** Material to process follows **

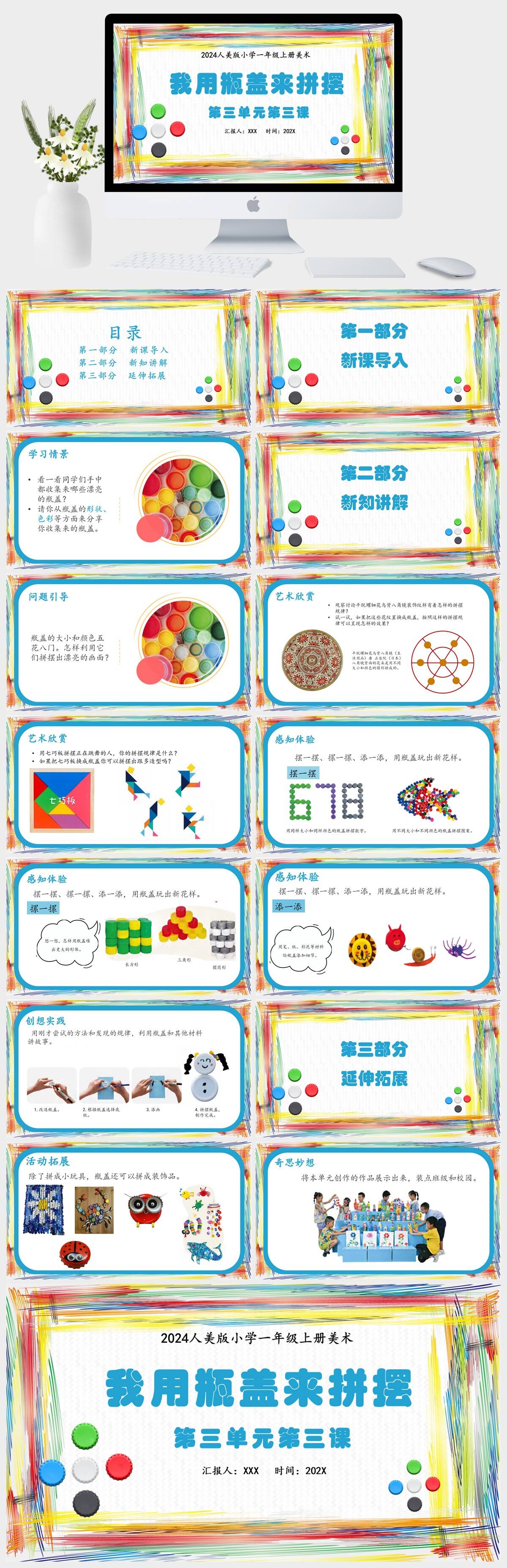 HKMS90-新人美版小学美术一年级上册第三单元第三课《我用瓶盖来拼摆》课件PPT模板
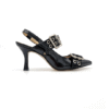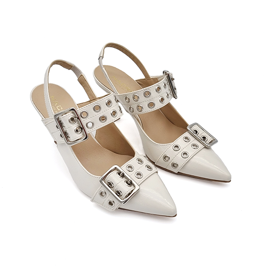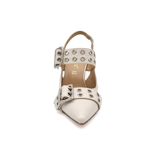 Slingback in naplak caratterizzate da una punta affusolata e un tacco a stiletto sottile per un’andatura sofisticata. Il design è arricchito da due cinturini che avvolgono il piede, decorati con occhielli metallici argentati e fibbie rettangolari, conferendo un tocco moderno e grintoso a questa calzatura classica.
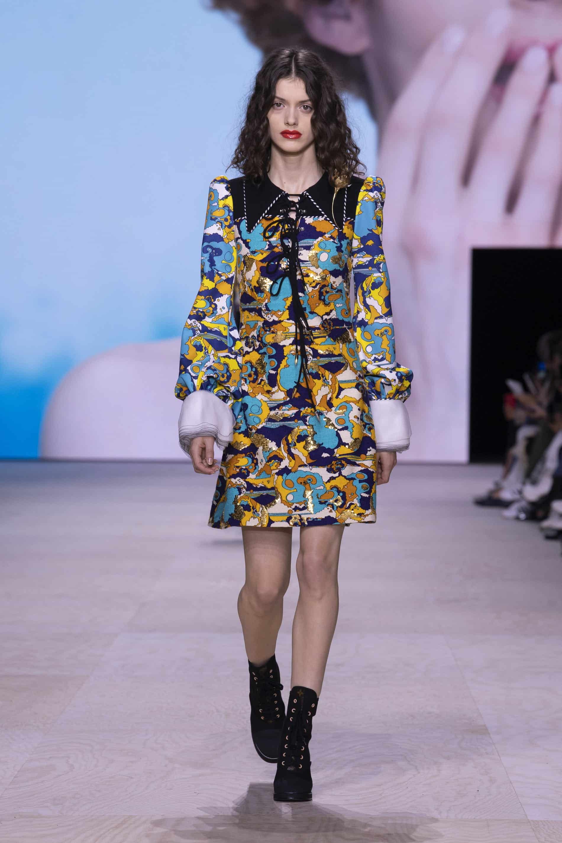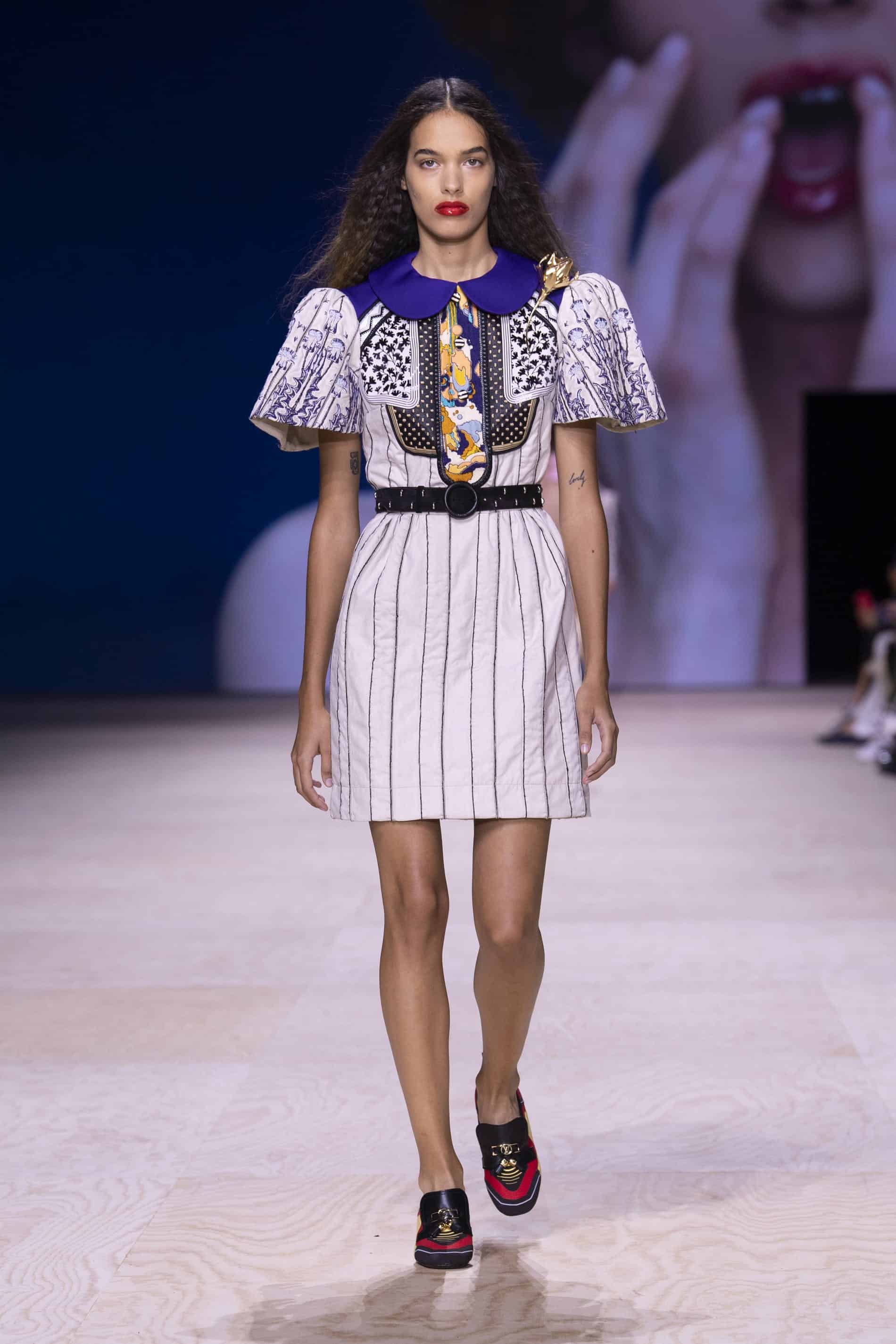 - فستان بمطبوعات زرقاء وذهبية مرحة وياقة سوداء وأكمام منفوشة تنتهي بطبقات متعددة من الأورغانزا البيضاء من عرض الأزياء الخاص بـ لوي فيتون لربيع/صيف 2020
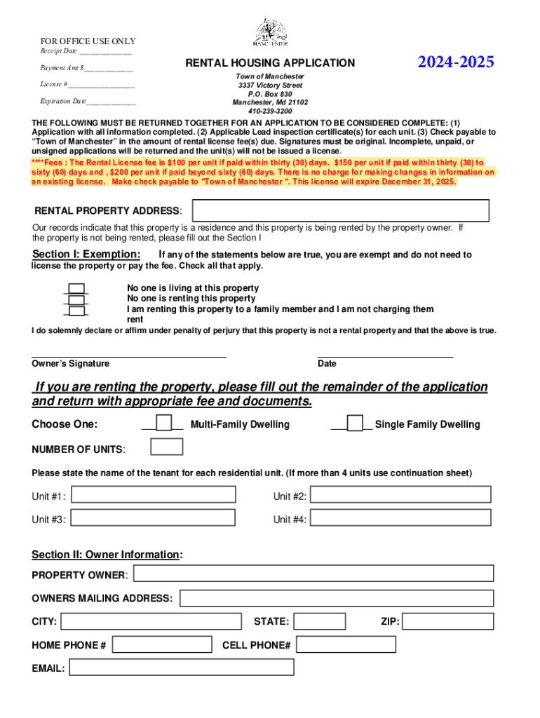 Receipt Date ___20242025RENTAL HOUSING APPLICATIONPayment Amt $___Town of Manchester
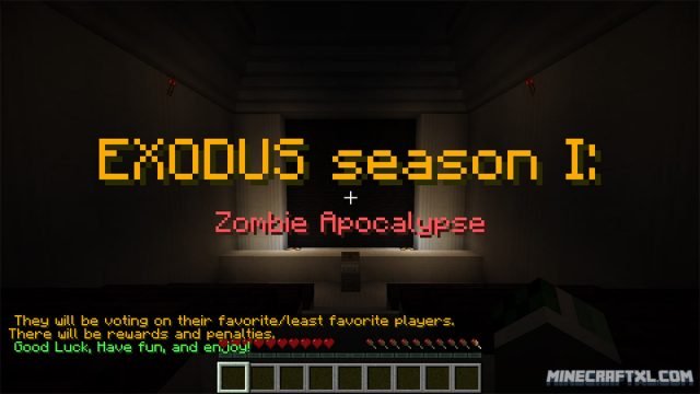 The Exodus Season 1 Map for Minecraft is a map where the story is that players from all over have been selected to participate in a new TV-show.
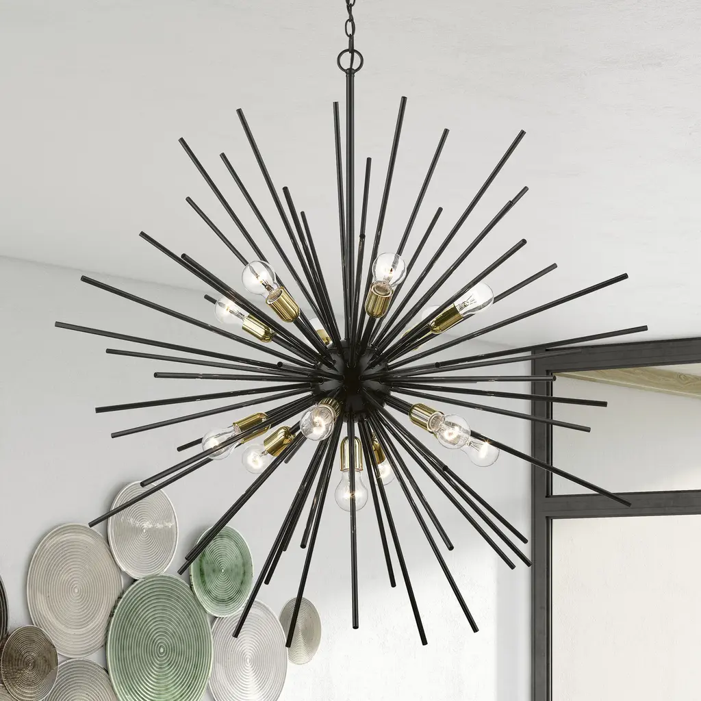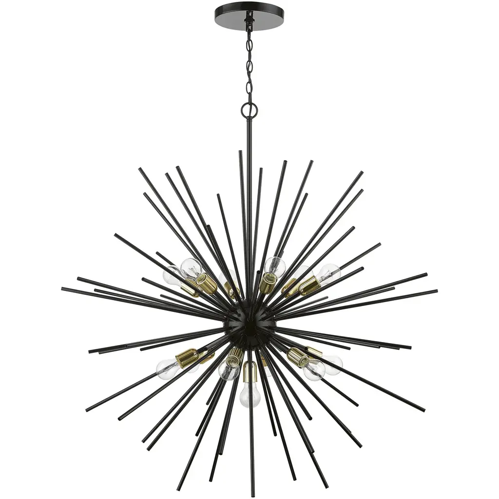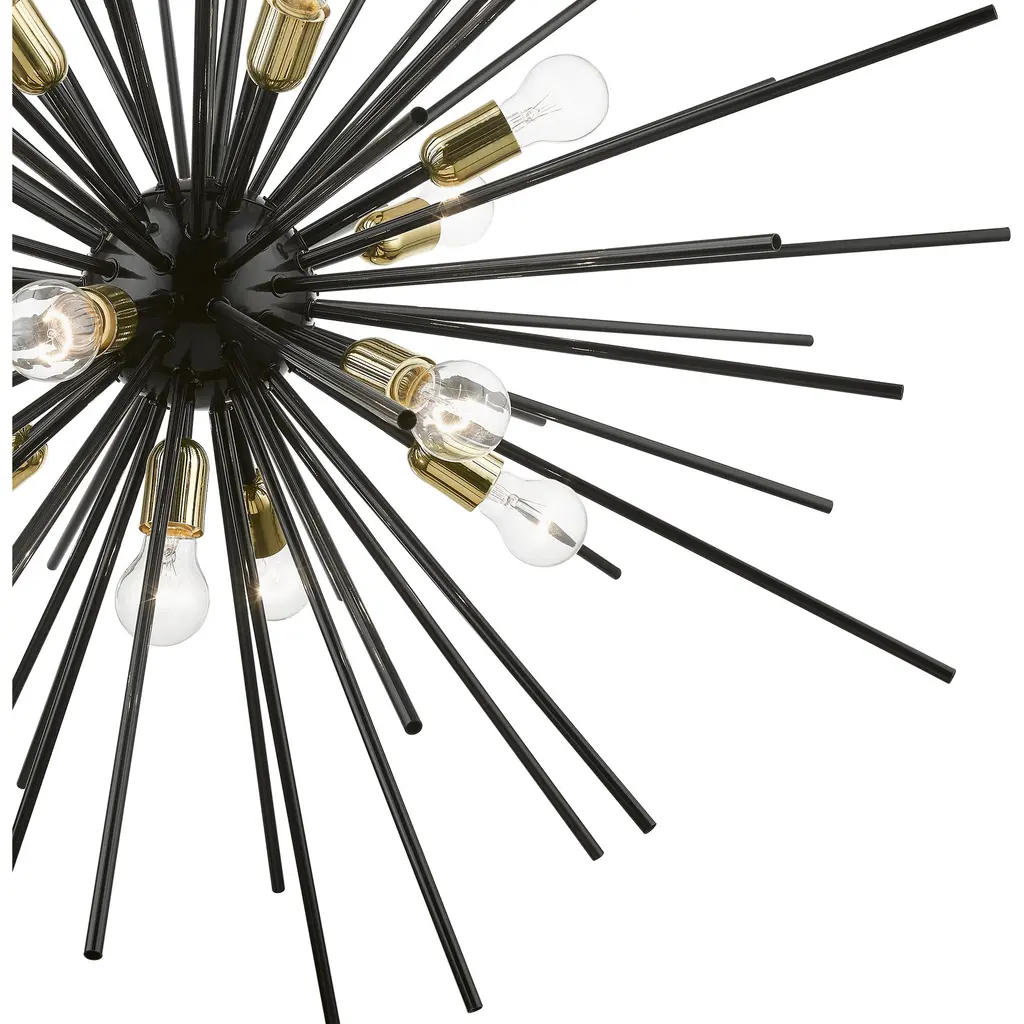 Tribeca 13 Light 42 Inch Shiny Black With Polished Brass Accents Foyer Chandelier Ceiling Light, Extra Large

** End of Material to process **

Task instructions:
Please repeat, exactly as written, the lines in the records above, starting with the one that has "Slingback in naplak" and going on through the one that has "The Exodus Season". Pictures are to be left out.

Answer space:
 Slingback in naplak caratterizzate da una punta affusolata e un tacco a stiletto sottile per un’andatura sofisticata. Il design è arricchito da due cinturini che avvolgono il piede, decorati con occhielli metallici argentati e fibbie rettangolari, conferendo un tocco moderno e grintoso a questa calzatura classica.
 - فستان بمطبوعات زرقاء وذهبية مرحة وياقة سوداء وأكمام منفوشة تنتهي بطبقات متعددة من الأورغانزا البيضاء من عرض الأزياء الخاص بـ لوي فيتون لربيع/صيف 2020
 Receipt Date ___20242025RENTAL HOUSING APPLICATIONPayment Amt $___Town of Manchester
 The Exodus Season 1 Map for Minecraft is a map where the story is that players from all over have been selected to participate in a new TV-show.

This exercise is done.